BEGIN PROVIDED MATERIAL

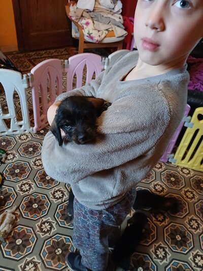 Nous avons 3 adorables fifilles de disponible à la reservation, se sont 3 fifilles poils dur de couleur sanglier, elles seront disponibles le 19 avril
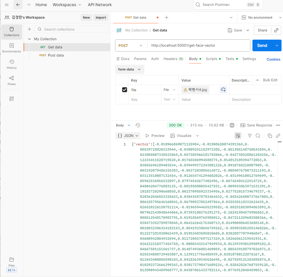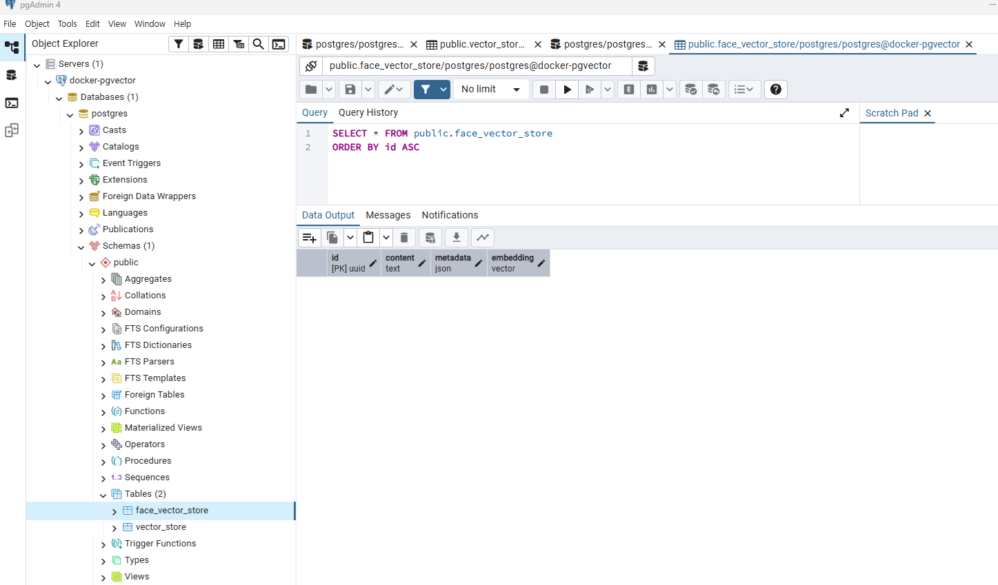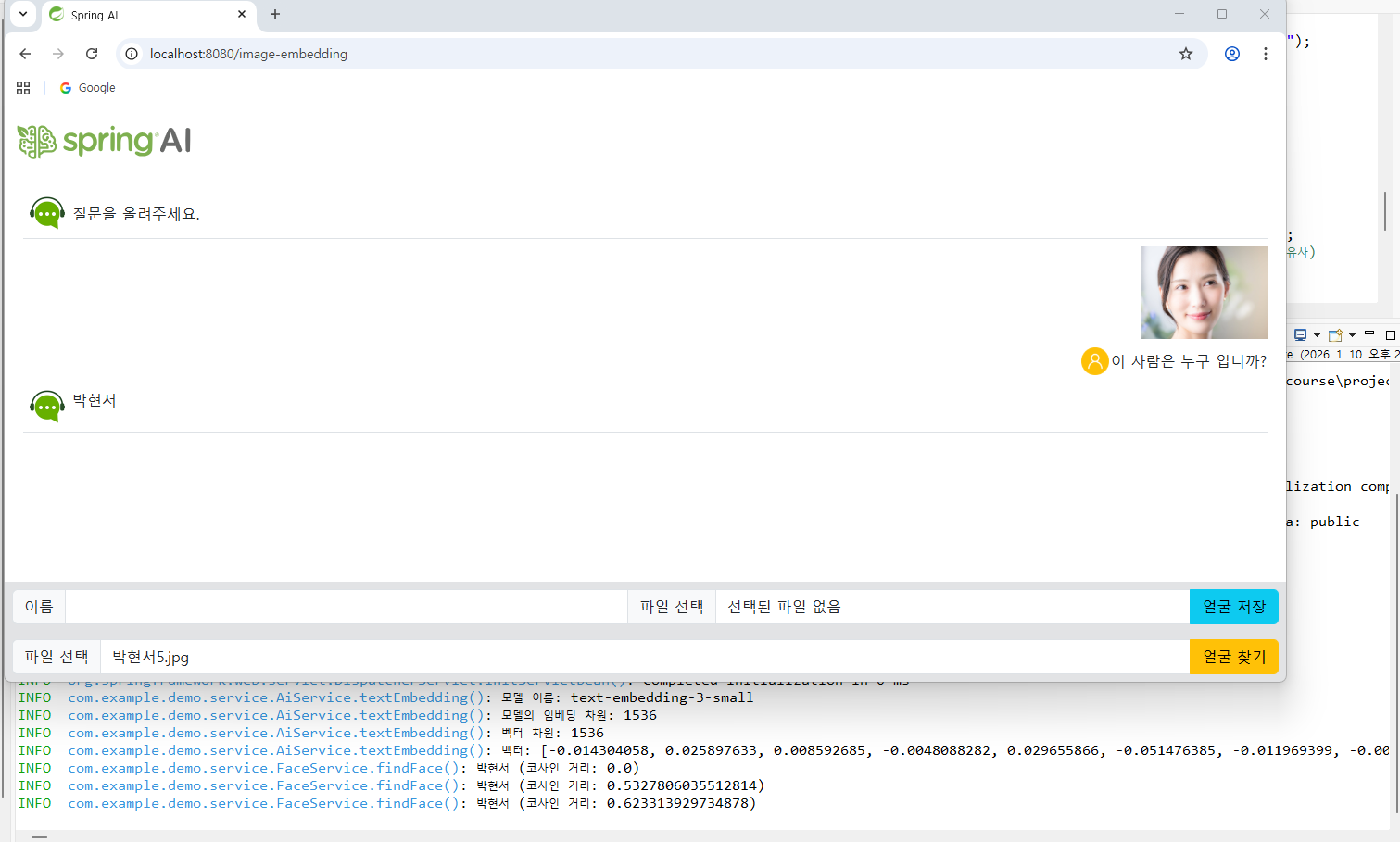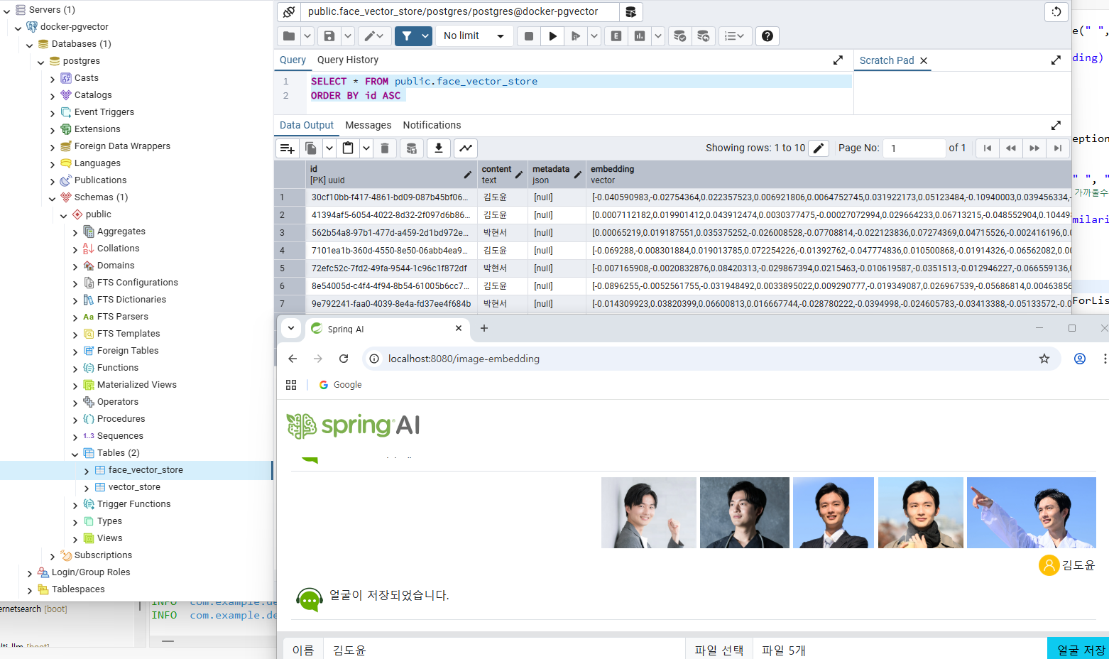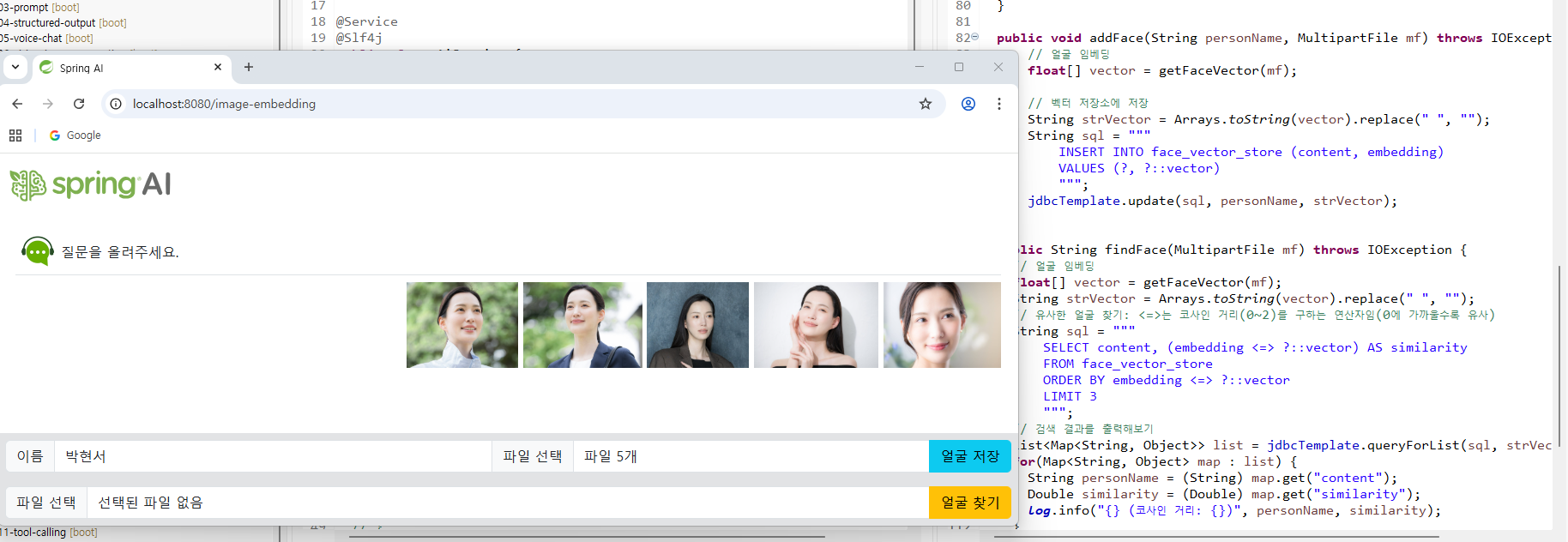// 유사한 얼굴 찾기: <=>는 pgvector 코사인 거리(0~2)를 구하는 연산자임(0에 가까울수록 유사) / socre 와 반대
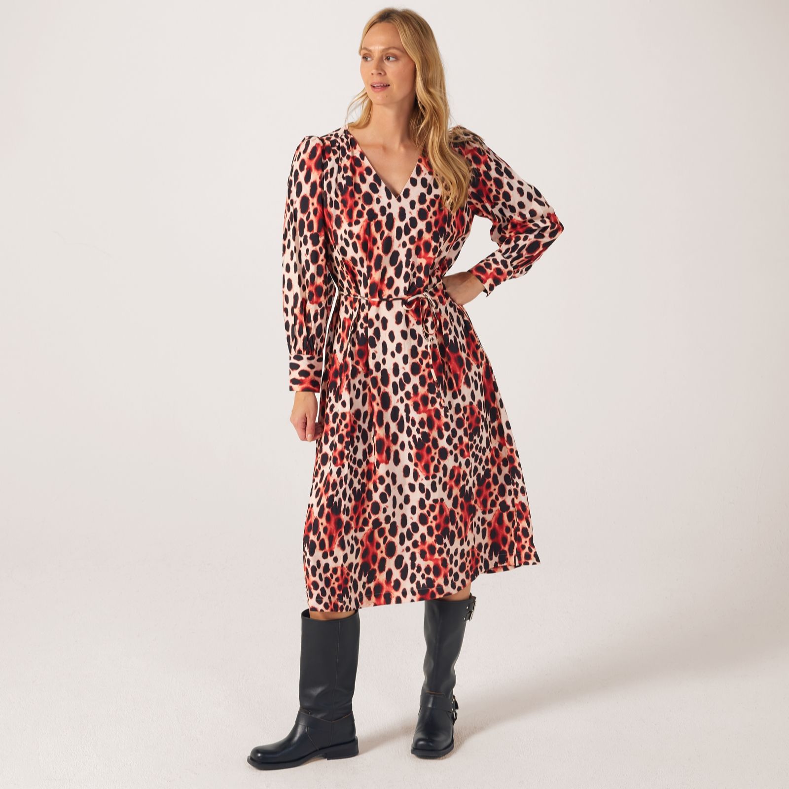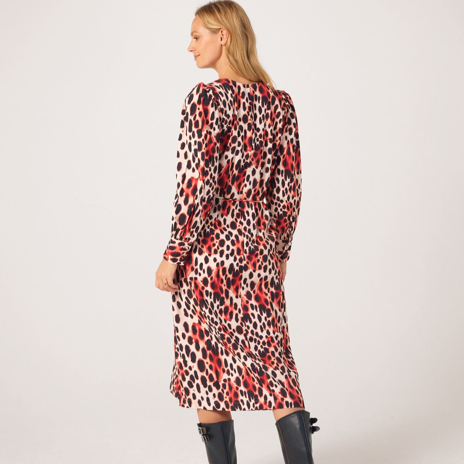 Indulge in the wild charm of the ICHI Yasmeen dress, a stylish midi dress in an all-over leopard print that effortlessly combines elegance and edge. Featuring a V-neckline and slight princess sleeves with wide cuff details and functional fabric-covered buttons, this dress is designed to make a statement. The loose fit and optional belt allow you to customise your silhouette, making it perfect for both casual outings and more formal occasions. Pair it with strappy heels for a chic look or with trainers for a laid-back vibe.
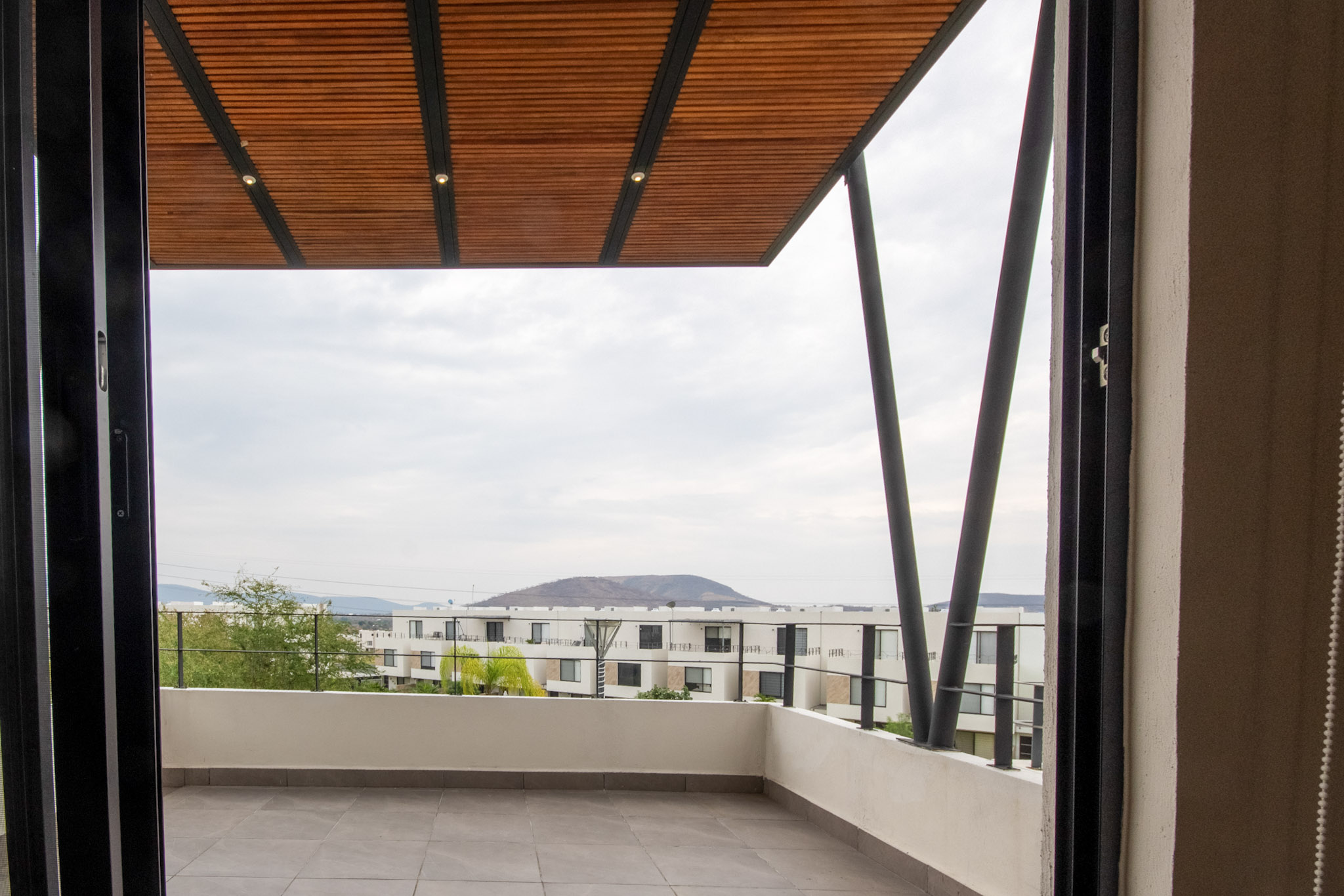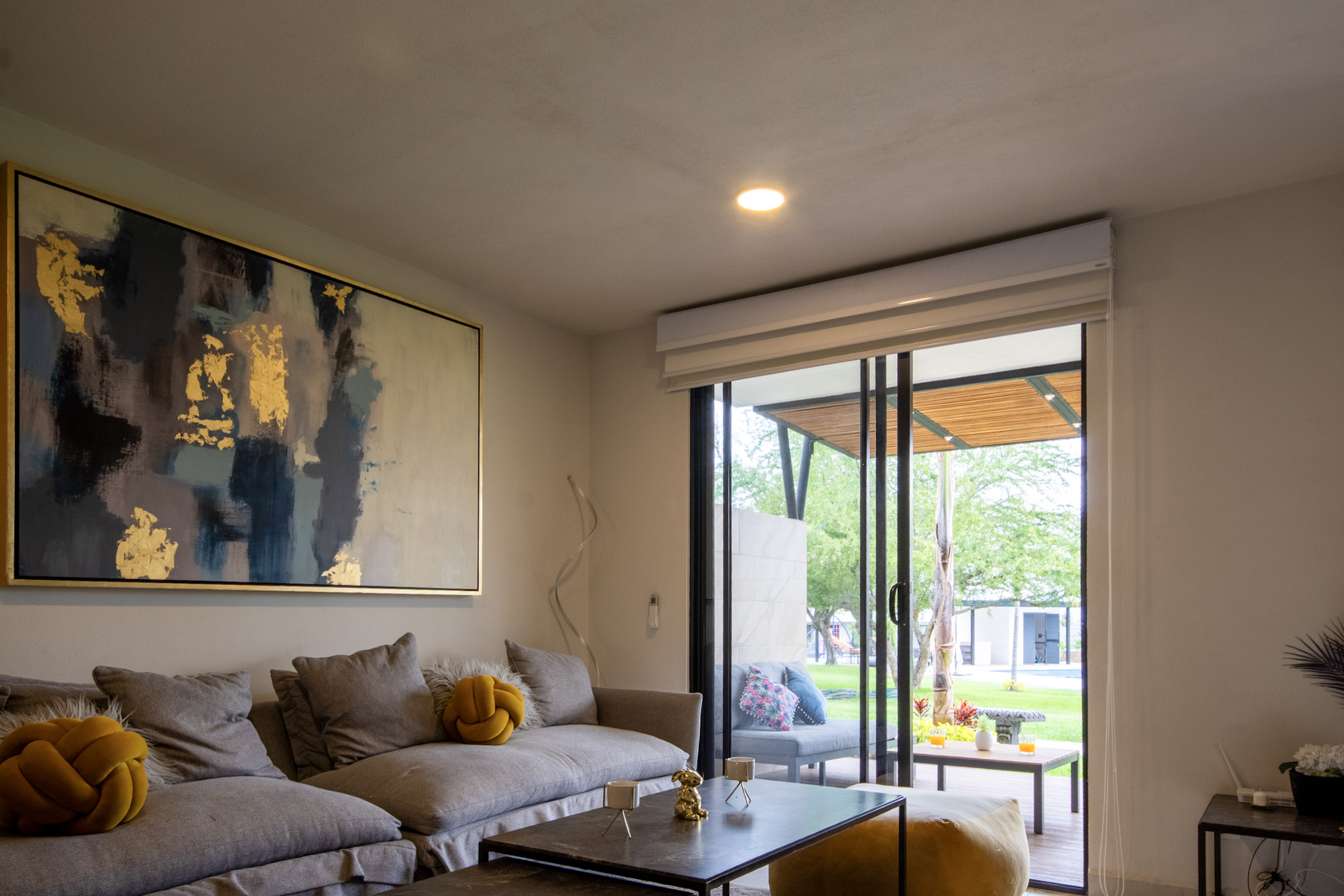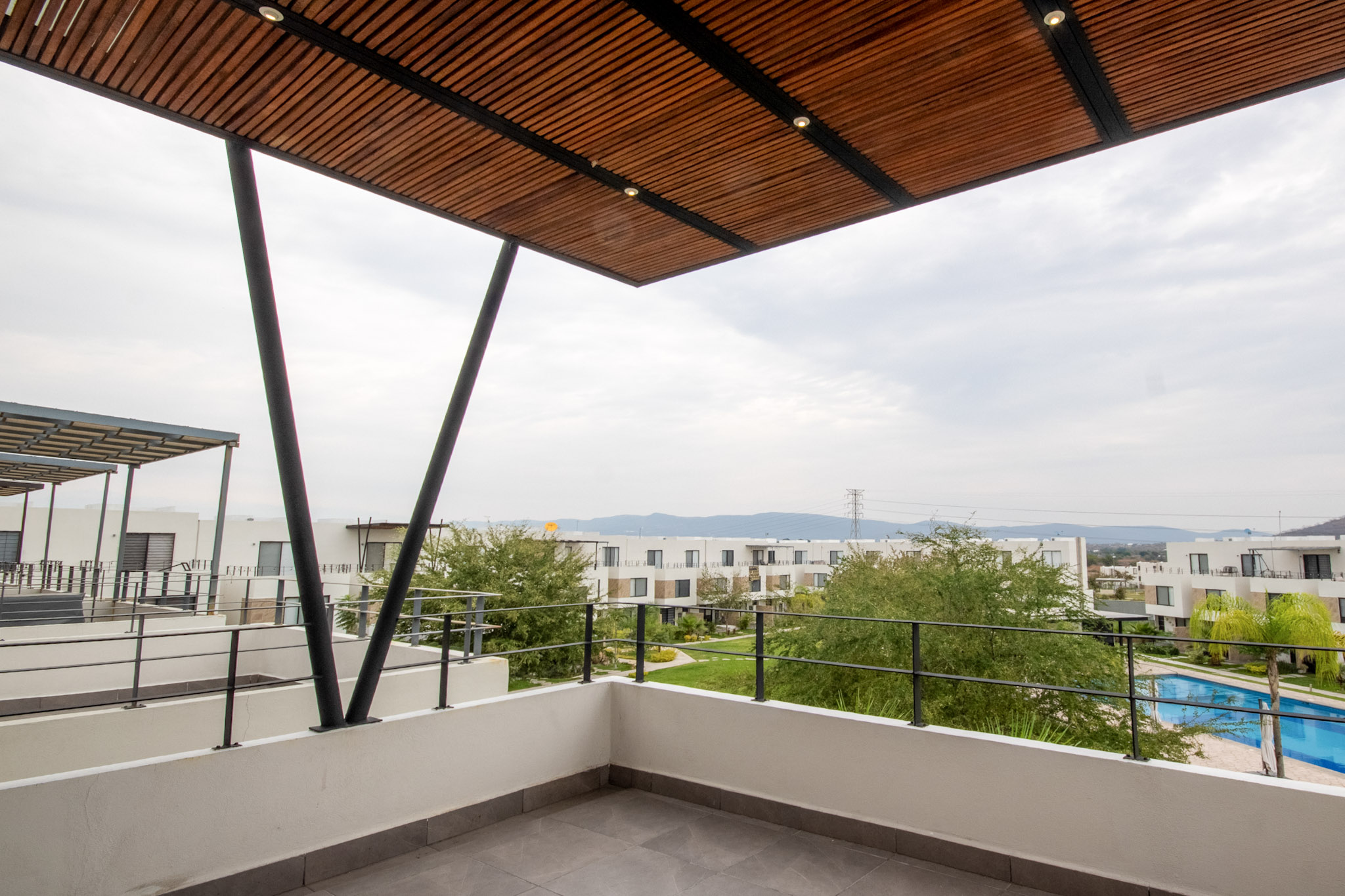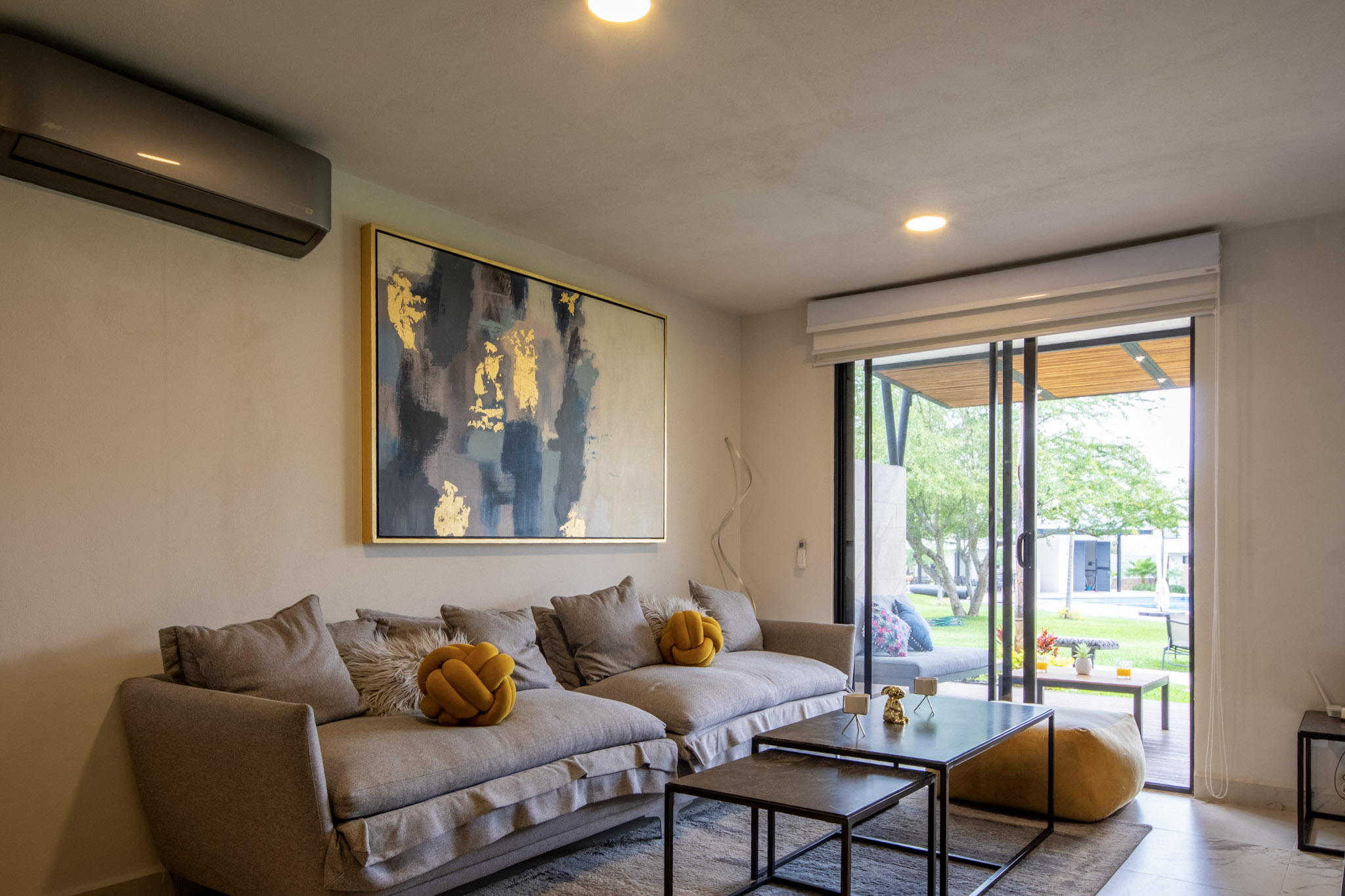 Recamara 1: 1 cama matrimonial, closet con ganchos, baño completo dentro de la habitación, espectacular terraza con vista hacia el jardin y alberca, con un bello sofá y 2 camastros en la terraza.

END PROVIDED MATERIAL

▶ INSTRUCTIONS TO FOLLOW:
Please extract exactly the lines of the data, from the first through the line containing "유사) / socre 와 반대", and add no pictures to the copy.

▶ WORKED SOLUTION:
 Nous avons 3 adorables fifilles de disponible à la reservation, se sont 3 fifilles poils dur de couleur sanglier, elles seront disponibles le 19 avril
// 유사한 얼굴 찾기: <=>는 pgvector 코사인 거리(0~2)를 구하는 연산자임(0에 가까울수록 유사) / socre 와 반대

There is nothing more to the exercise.